Speaking of plans … what’s that old saying about the best-laid ones?

The Down Deep

• I don’t want to say that “the Syndrome” is a load of bull crap, but I do find it suspicious that when Sheriff Billings stops taking his special herbs and suffers no apparent physical consequences, his wife suggests it’s because he’s “changed.” I’m not sure “becoming a take-charge kind of guy” has that much effect on non-imaginary afflictions.

• Walker has a nice moment with Dr. Nichols, who pays her a visit while he’s on the Mechanical level. He thanks her for taking care of Juliette for so many years, and Walker replies, “It was her who took care of us.” But then when he asks if she thinks Juliette’s alive, Walker crushes his hopes by saying “no.” She thinks Juliette walked out of view of the camera only so that her loved ones wouldn’t have to watch her die.

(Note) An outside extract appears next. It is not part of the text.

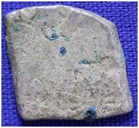 | Description / विवरण | The shape of the coin is irregular. Obverse chakra, swastika, taurine, tree and other symbols are not clear due to abrasion. Reverse Blank. |

• Plot point to keep an eye on: While Bernard is trying to get to the bottom of Camille’s decision to help Knox and Shirley escape the mob’s vigilante justice, he lets her know that it was her husband who planted the agitators in that mob. Clearly, Bernard sees some tactical value in getting the Sims family to question one another’s decisions.

• There are two more crucial plot points introduced toward the end of this episode that will likely get more play next week. In one, Lukas tries to crack the code in Salvador Quinn’s letter and gets so flummoxed that Bernard makes a shocking decision: He swears Lukas in as his new IT shadow, so that under the rules of the Pact he can share pertinent secrets. You know what that means, don’t you, Silo fans? Next episode, we might start getting that thing all “mystery box” shows eventually must deliver. It’s “answers” time!

• Solo is responsible for the other “to be continued” cliffhanger in this episode, as he helps Juliette recover from her infection and then confesses that he will be holding her suit and helmet hostage until she can get the water pump going. Looks like she won’t be leaving Silo 17 and heading home anytime soon.

• I hope you all saw the announcement earlier this week that Silo has been renewed for two more seasons, with the completed four-season series intending to cover the entirety of Hugh Howey’s multi-book saga. This is great news, as this show is really starting to find a groove and it would’ve been a shame if its creator, Graham Yost, didn’t get to tell the whole story.